[LintCode 32] Minimum Window Substring(Python)

题目描述

Given a string source and a string target, find the minimum window in source which will contain all the characters in target.

Notice
If there is no such window in source that covers all characters in target, return the emtpy string “”.

思路

用一字典存储target字符串，另一字典动态更新source字符串。
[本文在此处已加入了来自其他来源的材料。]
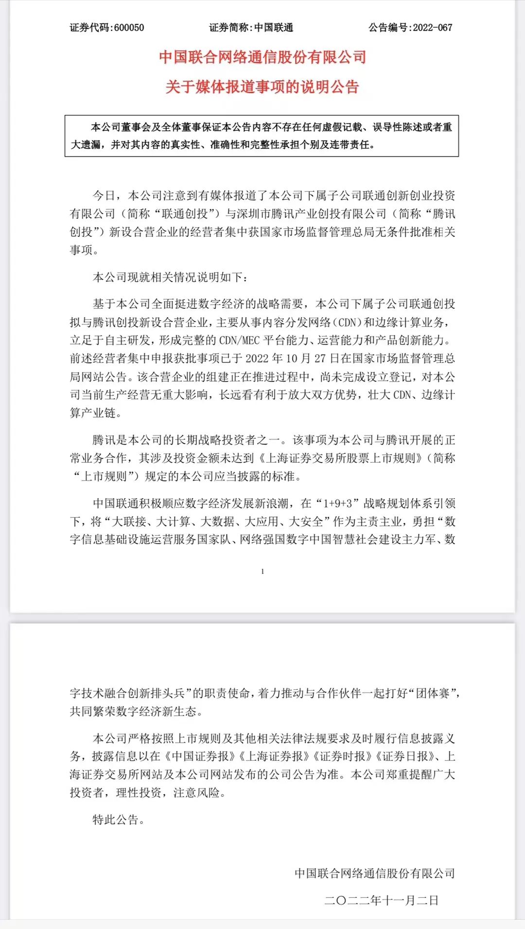 尤其是騰訊和中國聯(lián)通混改獲批的消息,還引發(fā)了資本市場的積極反應(yīng),中國聯(lián)通股價(jià)在11月2日當(dāng)日漲停。為此中國聯(lián)通進(jìn)行了正式回應(yīng),回應(yīng)特別建議投資者要理性,注意風(fēng)險(xiǎn)。
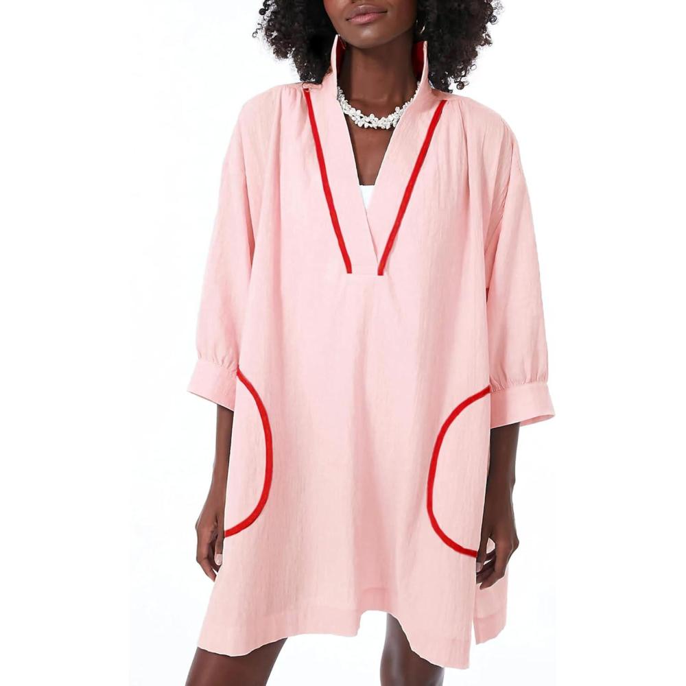 Ailoqing Swimsuit Coverup Womens V Neck 3/4 Sleeve Casual Shirt Dress with Pockets(Pink)
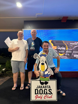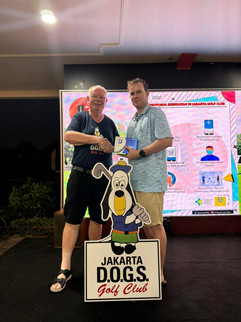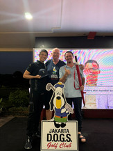 So, we came to the race for the Big Dog and Blue Jacket. With Richard needing birdies only to improve and the chasing pack having a few bogies to try and convert. Could he hold on to his lead? There was a late charge from Roger Finnie who jumped up a place but in the end the rivals only jockeyed around their own positions and didn't seem to put Richard under any real pressure. Jude and Roger did take the Mini Dogs for 3rd and Runner up places but Richard Mau won his second Blue Jacket - his first one was way back in 2007 at Jababeka!
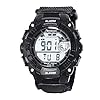 Armitron Mens 408209BLK Chronograph Black Digital Sport Watch: Watches. The comfortable, black, resin strap is designed with printed shock inch graphics and securely fastens with a buckle clasp. The Armitron Men's Chronograph Black Digital Sport Watch includes all the features needed for a casual sport watch and has a high tech look that will still complement daily wear and most casual styles. The round, black, resin case and bezel feature a polished black top ring. The gunmetal-grey, digital dial displays the time across the center in Arabic numerals with the seconds displayed in a white window at the right of the display. The day and date are easy to read at the bottom center of the dial. Other functions of this watch include chronograph functions, alarm, lap timer, dual time, and military time. This timepiece offers reliable Japanese quartz movement and is protected by a durable mineral crystal.
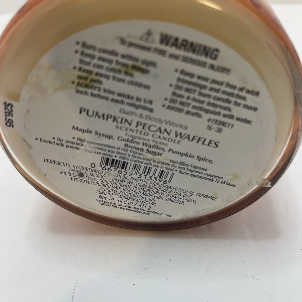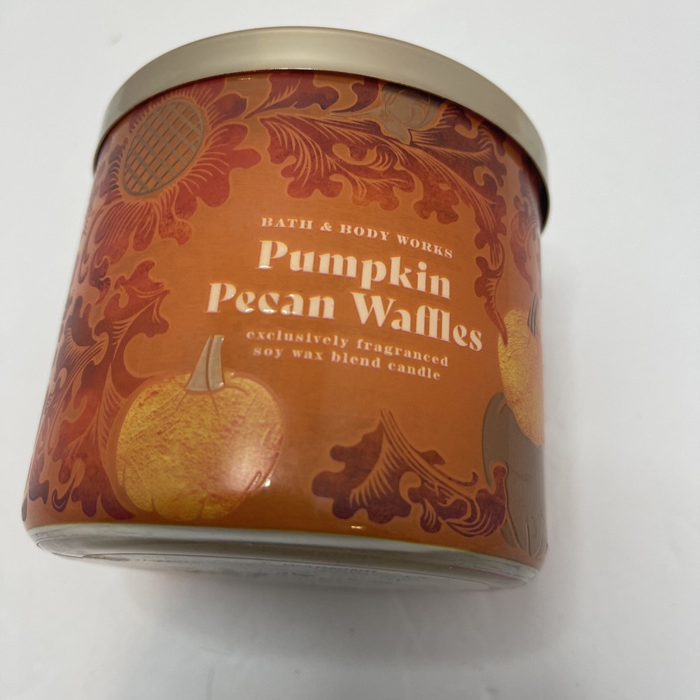 The Bath & Body Works Pumpkin Pecan Waffles 3-Wick Jar Candle is a large 14.5 oz soy wax candle in a modern white jar. With a seasonal theme and 3 wicks, this candle promises a burning time of more than 5 hours. The candle features a delicious scent of Pumpkin Pecan Waffles, perfect for any room in the house. Made in the United States by Bath & Body Works, this jar/container candle is a must-have for those who enjoy cozy seasonal scents in their home.
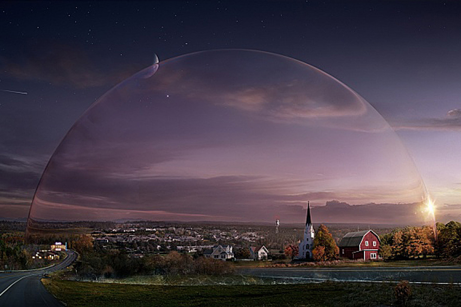 Description: A large bubble is in the middle of a road with a town in the background and a church in the distance.

遍历target，以遍历到的每个元素做左边界，尝试找到满足条件的右边界，如果找到就更新结果。

代码

class Solution:
    """
    @param: source : A string
    @param: target: A string
    @return: A string denote the minimum window, return "" if there is no such a string
    """
    def minWindow(self, source , target):
        # write your code here
        if not source or not target or len(source) < len(target) or len(source) * len(target) == 0:
            return ""
        dt, ds = dict.fromkeys(target, 0), {}
        for c in target: dt[c] += 1
        res = ""
        max_length = 2 ** 31
        right = 0
        for i, c in enumerate(source):
            while (not self.valid(dt, ds)) and right < len(source):
                ds[source[right]] = ds.get(source[right], 0) + 1
                right += 1
            if self.valid(dt, ds) and max_length > right - i:
                max_length = right - i
                res = source[i : right]
            ds[c] -= 1
        return res

    def valid(self, dt, ds):
        for k in dt:
            if k not in ds or ds[k] < dt[k]:
                return False
        return True

复杂度分析

时间复杂度$O(n)$，空间复杂度$O(1)$。